La discusión acerca de si la guerra en Ucrania tenía un carácter local, centrada en la autodeterminación nacional de Ucrania ha quedado ampliamente saldada. Se trata de una guerra internacional de carácter imperialista, que subordina la cuestión nacional. Ucrania no se convertirá en una nación independiente bajo la tutela de la OTAN. Tampoco se trata de una guerra por la autodeterminación nacional de Rusia, asediada por la OTAN. Rusia ha anexado los territorios que ha ocupado y pretende anexar, por medios militares, las regiones de Zaporizhia y Kherson, y convertir al río Dnieper y al Mar Negro en la nueva frontera entre Ucrania y Rusia. Bajo el disfraz de una guerra nacional, Rusia desarrolla una guerra de conquista. No se trata tampoco, como bajo la URSS, de una guerra para “extender las fronteras del comunismo”. En la guerra actual, Rusia representa a la oligarquía restauracionista que ha destruido al primer estado obrero de la historia, y en este carácter ya es parte de la cadena del imperialismo mundial. La expansión ‘democrática’ del imperialismo mundial a Ucrania, y la anexión territorial de una nación extranjera, en el caso de Rusia, reforzarían el sometimiento del proletariado por parte del capital internacional. La prosecución de la guerra, sea por quienes desean la victoria de la Otan, o por la victoria de Rusia y China, significaría una destrucción enorme para los trabajadores y una mayor división en sus filas. Lo progresivo, en estas condiciones, es militar activamente la derrota de ambos bandos, por medio de la lucha revolucionaria de la clase obrera de todos los países contra la guerra imperialista y los gobiernos imperialistas.

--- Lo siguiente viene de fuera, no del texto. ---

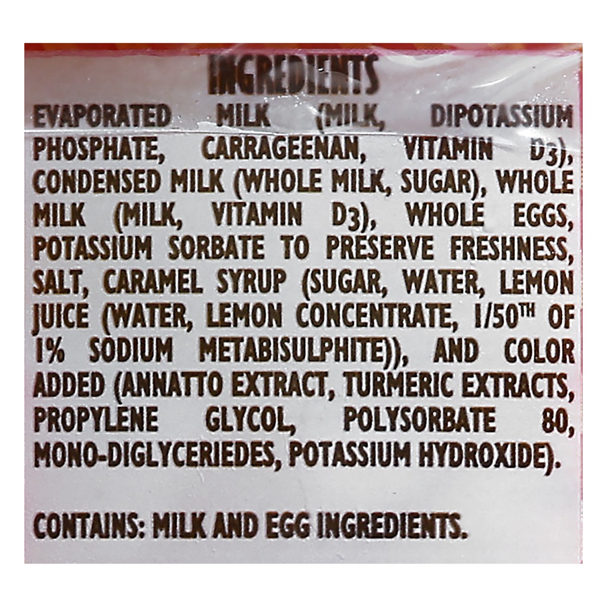 Evaporated Milk (Milk, Dipotassium Phosphate, Carrageenan, Vitamin D3), Condensed Milk (Whole Milk, Sugar), Whole Milk (Milk, Vitamin D3), Whole Eggs, Potassium Sorbate to Preserve Freshness, Salt, Ca…
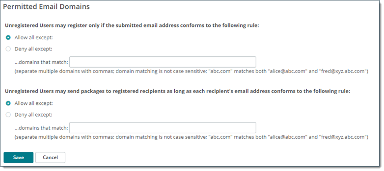 Cette section permet aux administrateurs de limiter les domaines pour les adresses e-mail des destinataires inscrits. Cela aide à éviter que les utilisateurs n'envoient un paquet à certains utilisateurs inscrits alors qu'ils n'y sont pas habilités. La liste de domaines est une liste de domaines délimitée par des virgules servant de référentiel. Les paramètres de règle déterminent si les domaines correspondants seront autorisés ou refusés.
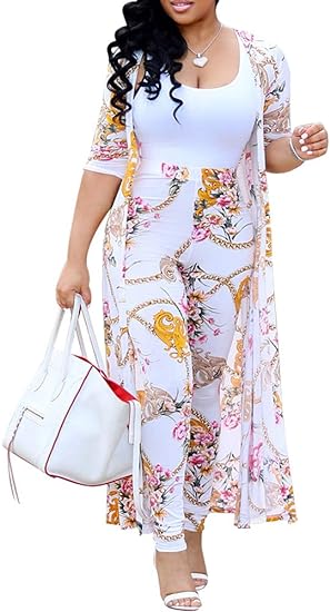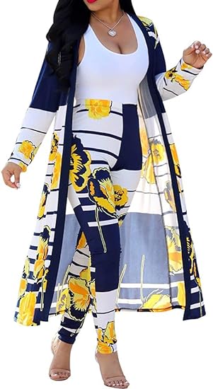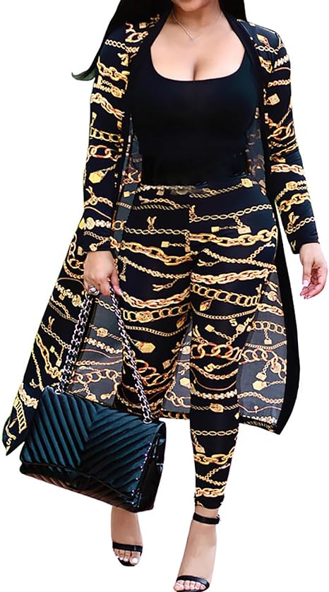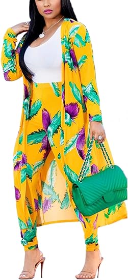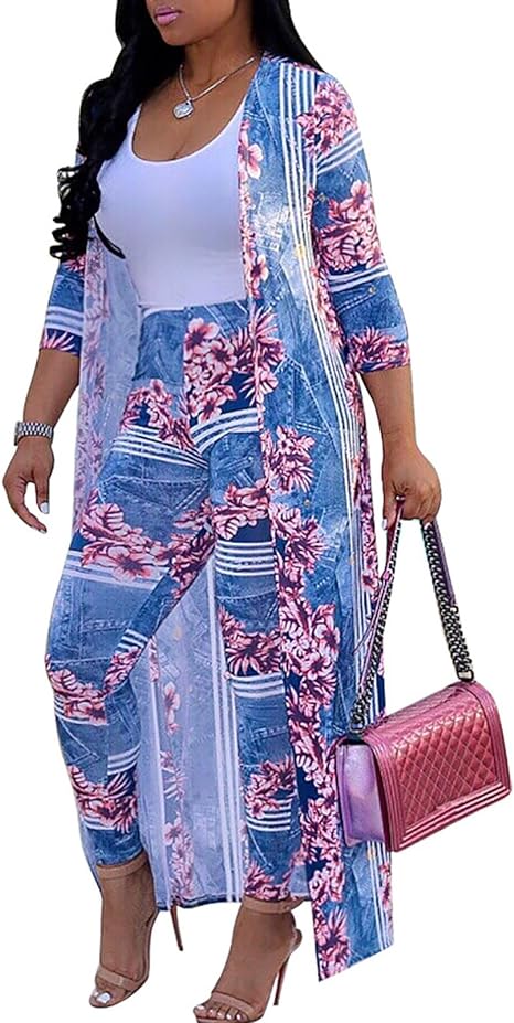 Two Piece Print Long Sleeve Cardigan & Bodycon Pants

La guerra actual tiene sus características propias. No es una simple repetición de las guerras imperialistas mundiales del pasado, como tampoco la segunda guerra mundial fue una repetición de la primera. Mientras la primera guerra mundial fue determinada por la necesidad de un nuevo reparto de la economía y el poder mundial entre los imperialismos en pugna, la segunda guerra imperialista fue, además de una lucha por el reparto una guerra de conquista de parte de los imperialismos de Alemania y Japón: una “guerra napoleónica” en la época de descomposición del capitalismo. Fue también una guerra, de parte de la Unión Soviética, por la defensa del primer estado obrero de la historia. La presente guerra es fundamentalmente una guerra del imperialismo norteamericano y los regímenes subordinados de la OTAN, que resumen el desarrollo histórico del imperialismo. En el campo de la OTAN se concentra o cristaliza, en efecto, el desarrollo histórico del imperialismo mundial. El caso de Rusia y China es claramente diferente e incluso inédito. Se trata de potencias capitalistas que emergen de la disolución de regímenes sociales no capitalistas, que son incorporadas, de un modo específico, o sea contradictorio, al régimen imperialista vigente; Rusia emerge de la disolución del único régimen político de la clase obrera en la historia. El imperialismo mundial y los llamados ‘imperialismos’ de Rusia y China no son de la misma naturaleza, desde el punto de vista histórico (salvo, claro, para quienes sostienen que se trataba de “capitalismo de estado”). Esta diferencia se aprecia, empíricamente, en el Medio Oriente, donde Rusia y China se oponen parcialmente y dentro de los límites de sus intereses geopolíticos y de clase (por ejemplo, cuando sostienen al régimen sirio), a la guerra colonial que impulsan la OTAN y el sionismo contra los pueblos sometidos de Palestina y de la región. La distinción se encuentra avalada desde un punto de vista teórico. En el caso de China, porque no ha cristalizado todavía en un sistema de dominación política de otras naciones, que es lo que define al imperialismo (aunque ejerza esa opresión sobre las nacionalidades de su espacio plurinacional).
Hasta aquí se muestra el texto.